Le contexte stratégique est en outre moins favorable qu’au cours du premier mandat de Trump. La Corée du Nord a développé ses capacités nucléaires, qualifié la Corée du Sud d’ennemi hostile et renforcé ses liens militaires avec la Russie, notamment au moyen d’un accord de défense mutuelle et d’un soutien à la guerre menée par Moscou contre l’Ukraine.
Dans ces conditions, une réduction des exercices peut offrir à Washington une ouverture diplomatique, mais elle ne garantit aucune réciprocité de la part de Pyongyang. La Corée du Nord pourrait au contraire y voir la preuve que la pression exercée sur son régime s’affaiblit.

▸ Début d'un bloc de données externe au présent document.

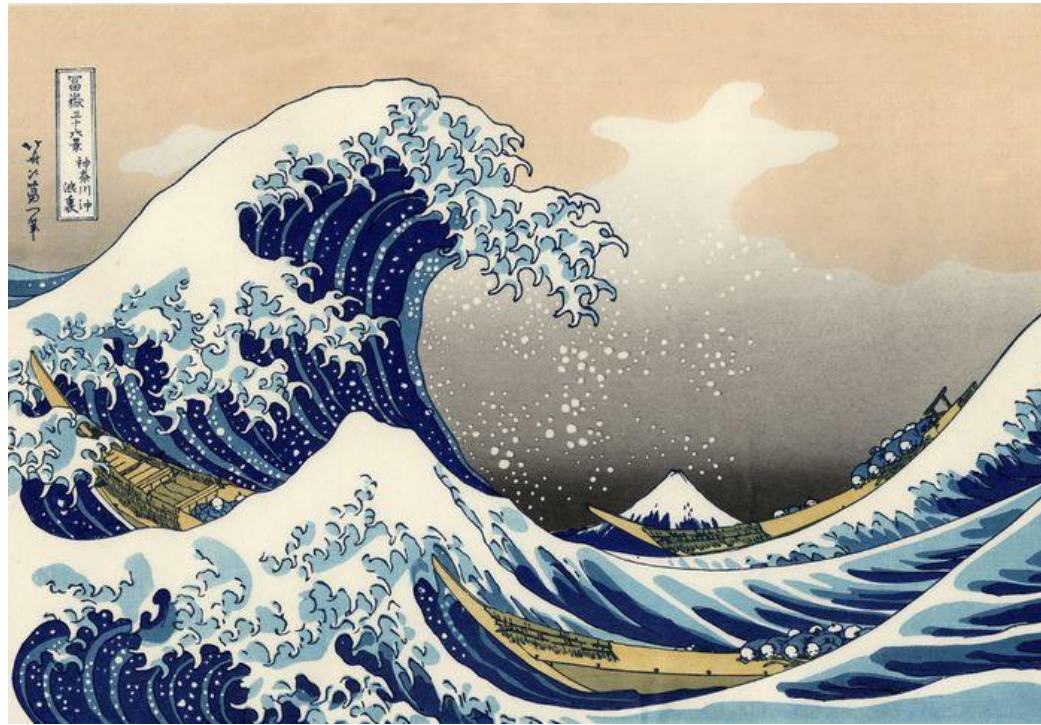
Кацусика Хokusай Большая волна в Канагаве. 1823
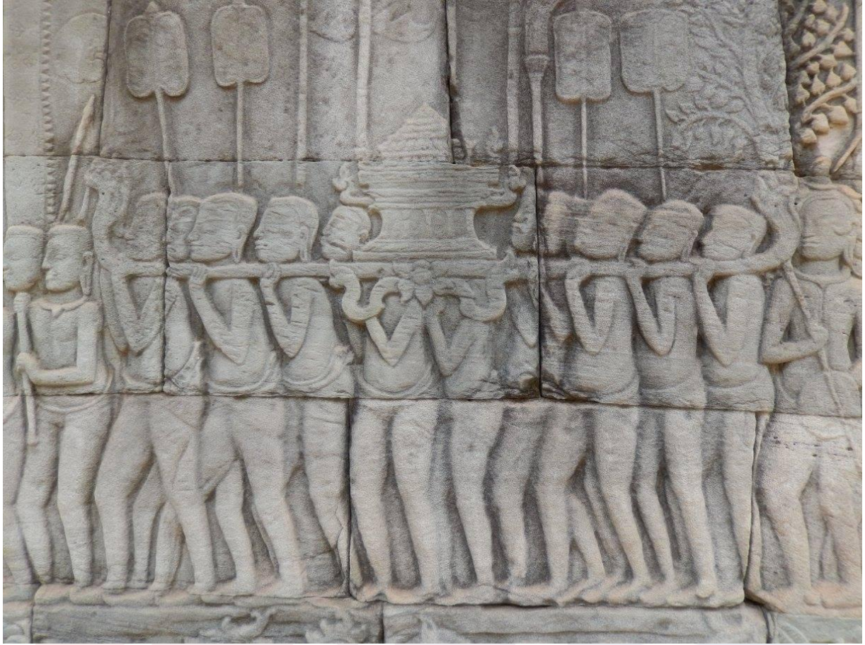
រូបលេខ១១១៖ ចម្លាក់ដង្ហែព្រះភ្លើងនៅជញ្ជាំងថែវប្រាសាទបាយ័ន
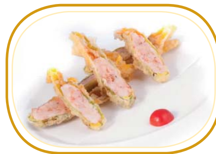
231. FIORI DI ZUCCA (pz4)€8,50 (ripieno tartar di polpa di granchio* e gamberi* fritti)
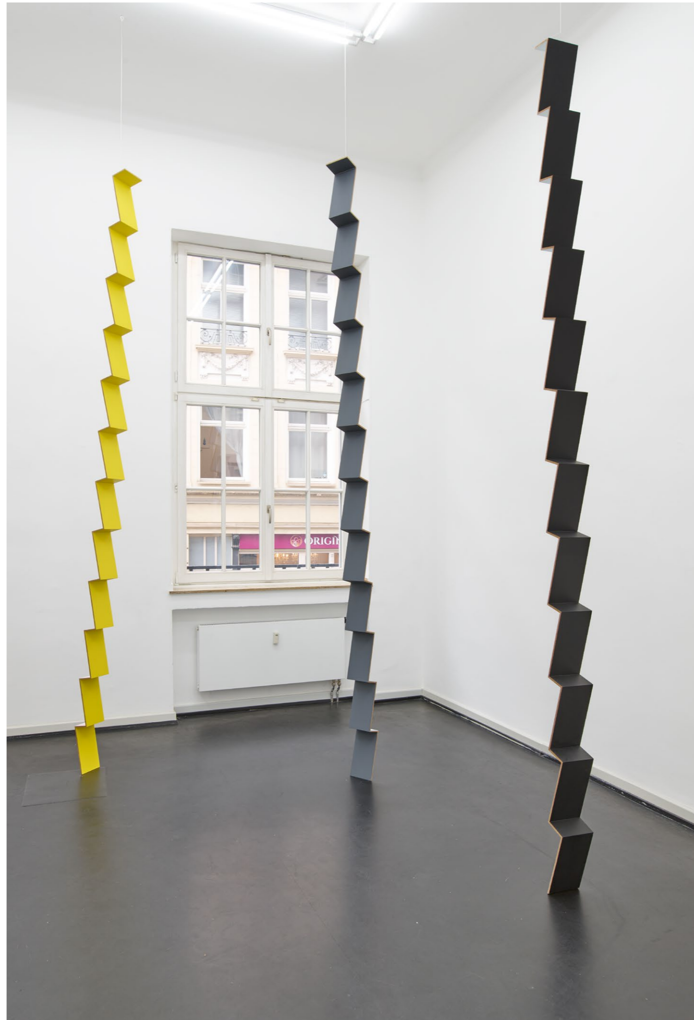
Steps , 2024 Acrylic and oil paint on MDF 3 x ca. 352 x 14,6 x 10 cm EUR 25.000 (incl. VAT)
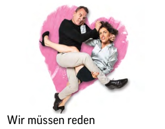
Wir müssen reden

Face à cette réalité plus difficile, la Corée du Sud a ajusté sa position diplomatique. Au lieu d’exiger une dénucléarisation complète comme préalable, le gouvernement de Lee envisage un gel initial du programme nucléaire nord-coréen en échange de mesures réciproques. Cette approche viserait d’abord à stopper la production et le développement de nouvelles capacités avant d’envisager, à terme, leur démantèlement.
Il s’agit d’une forme de pragmatisme dans le contrôle des armements, et non d’une reconnaissance officielle de la Corée du Nord comme puissance nucléaire légitime et permanente. La réussite d’un tel dispositif dépendrait de l’étendue du gel, des mécanismes de vérification et des concessions échangées.
Le principal danger tient à l’écart possible entre le signal diplomatique et la préparation militaire. Si les exercices sont réduits sans gel nord-coréen crédible ni autre concession vérifiable, les forces alliées pourraient perdre des occasions d’entraînement et la confiance de la Corée du Sud dans la fiabilité américaine pourrait se dégrader. Des analystes ont averti qu’une diminution des manœuvres risquerait d’affaiblir la préparation à long terme tout en accordant un avantage à Pyongyang sans exiger de concession immédiate.
Un cadre limité fondé sur un échange « gel contre concessions » pourrait néanmoins être plus réaliste que l’exigence d’une dénucléarisation immédiate. Pour préserver l’alliance, il devrait s’appuyer sur une vérification précise, des consultations constantes entre Washington et Séoul et des garanties empêchant que la réduction des exercices ne se transforme en érosion durable de la dissuasion.
La leçon plus large est que la décision de Trump ne relève pas uniquement de la politique nord-coréenne. Elle s’inscrit aussi dans une approche transactionnelle de l’alliance, où les investissements, le soutien politique, la coopération de défense et l’accès diplomatique sont de plus en plus traités comme des leviers liés entre eux. Cette stratégie peut accélérer les négociations, mais elle augmente également le coût d’une erreur de calcul pour Séoul, Washington et l’ensemble de la région.